QuarkDB force leader election

franck-jrc · January 8, 2020, 3:07pm

Hi,

We would like to force a leader election on a our running cluster. Is there a way to do it without stopping the leader ?

We have the current situation where the RAID controller managing the OS on the leader node has failed, which results in the terminal being unavailable on the server (nor SSH nor console), but the QuarkDB service still runs. Stopping the server would result in the cluster running with only 2 nodes until we manage to fix the server, or provision a replacing member. We would prefer to have it still running, but only as a follower.

@gbitzes maybe you have some suggestion about this ?

Thank you

gbitzes · January 8, 2020, 3:22pm

Hi Franck,

Yes, this is possible: Run command raft-attempt-coup in one of the follower nodes. This will trigger an artificial timeout (as if the node had not been contacted by the leader for a long time), and thus, elections.

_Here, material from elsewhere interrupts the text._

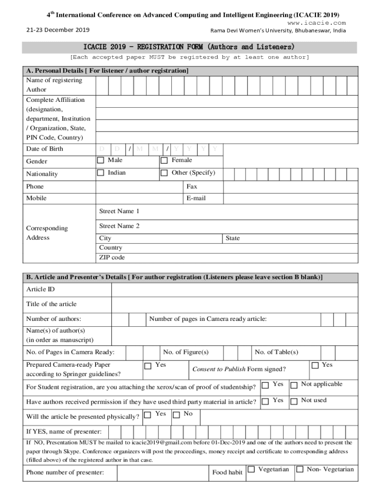 4th International Conference on Advanced Computing and Intelligent Engineering (ICA CIE 2019) www.icacie.com 2123 December 2019 Rama Devi Women's University, Bhubaneswar, Indelicacies 2019 REGISTRATION

There’s no way to force the outcome of an election though, that would break the raft algorithm. There’s a chance the old leader will win again the election round, becoming leader again. If that happens, run raft-attempt-coup in a follower again and again until it works.

Cheers,
Georgios

gbitzes · January 8, 2020, 3:27pm

By the way, I’m not quite sure what you mean here:

I’m confused by “server is unavailable, but the QuarkDB service still runs”.

Is it possible to connect to the QuarkDB leader with redis-cli?
Has this problem brought down the MGM?
Is the failed server SSH-able?

franck-jrc · January 8, 2020, 3:37pm

Hi Giorgos,

Thank you for your answer, it is exactly what we were looking for, we will try that.

Yes, right, I was not specific enough.

As you guessed, the server is not SSH-able, since the OS disk has failed.
The problem didn’t bring down the MGM, the QuarkDB data are on another disk, and the follower still sees the node as leader. The redis-cli command can contact the leader, however we have a password file, and not sure if we can use this with from the command line.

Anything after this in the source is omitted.